= COLLECTED MATERIAL =

+ + + +

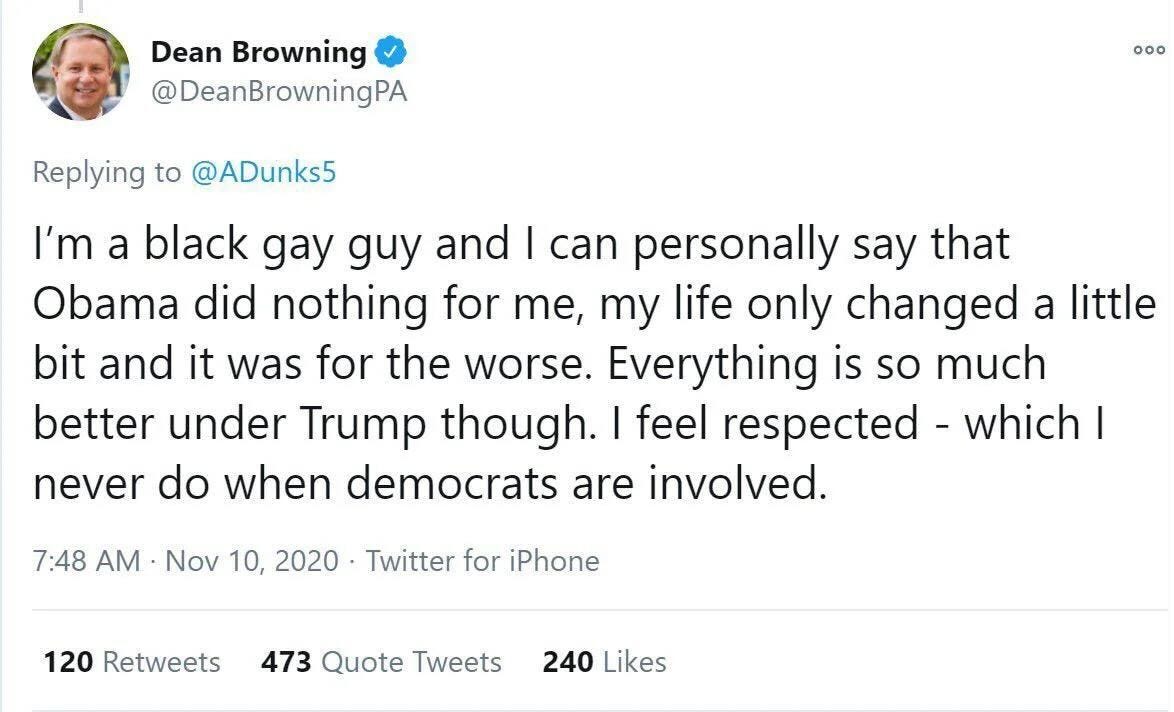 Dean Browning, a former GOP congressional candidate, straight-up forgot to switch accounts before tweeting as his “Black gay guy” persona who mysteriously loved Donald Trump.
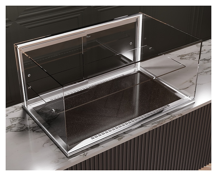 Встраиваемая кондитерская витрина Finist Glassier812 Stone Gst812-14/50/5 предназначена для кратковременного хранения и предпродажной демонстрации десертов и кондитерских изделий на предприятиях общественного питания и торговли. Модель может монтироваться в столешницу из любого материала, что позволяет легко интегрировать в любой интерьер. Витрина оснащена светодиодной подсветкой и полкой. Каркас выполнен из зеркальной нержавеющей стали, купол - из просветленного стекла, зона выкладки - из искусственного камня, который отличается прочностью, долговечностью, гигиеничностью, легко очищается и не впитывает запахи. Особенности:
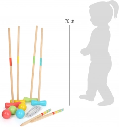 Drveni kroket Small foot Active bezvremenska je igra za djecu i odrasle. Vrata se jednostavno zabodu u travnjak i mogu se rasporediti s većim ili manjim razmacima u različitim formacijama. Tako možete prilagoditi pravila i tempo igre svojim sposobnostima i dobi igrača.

+ + + +

= EXERCISE OBJECTIVE =
The entire listing above, minus its pictures, should be copied out exactly.

= THE COMPLETED TASK =
 Dean Browning, a former GOP congressional candidate, straight-up forgot to switch accounts before tweeting as his “Black gay guy” persona who mysteriously loved Donald Trump.
 Встраиваемая кондитерская витрина Finist Glassier812 Stone Gst812-14/50/5 предназначена для кратковременного хранения и предпродажной демонстрации десертов и кондитерских изделий на предприятиях общественного питания и торговли. Модель может монтироваться в столешницу из любого материала, что позволяет легко интегрировать в любой интерьер. Витрина оснащена светодиодной подсветкой и полкой. Каркас выполнен из зеркальной нержавеющей стали, купол - из просветленного стекла, зона выкладки - из искусственного камня, который отличается прочностью, долговечностью, гигиеничностью, легко очищается и не впитывает запахи. Особенности:
 Drveni kroket Small foot Active bezvremenska je igra za djecu i odrasle. Vrata se jednostavno zabodu u travnjak i mogu se rasporediti s većim ili manjim razmacima u različitim formacijama. Tako možete prilagoditi pravila i tempo igre svojim sposobnostima i dobi igrača.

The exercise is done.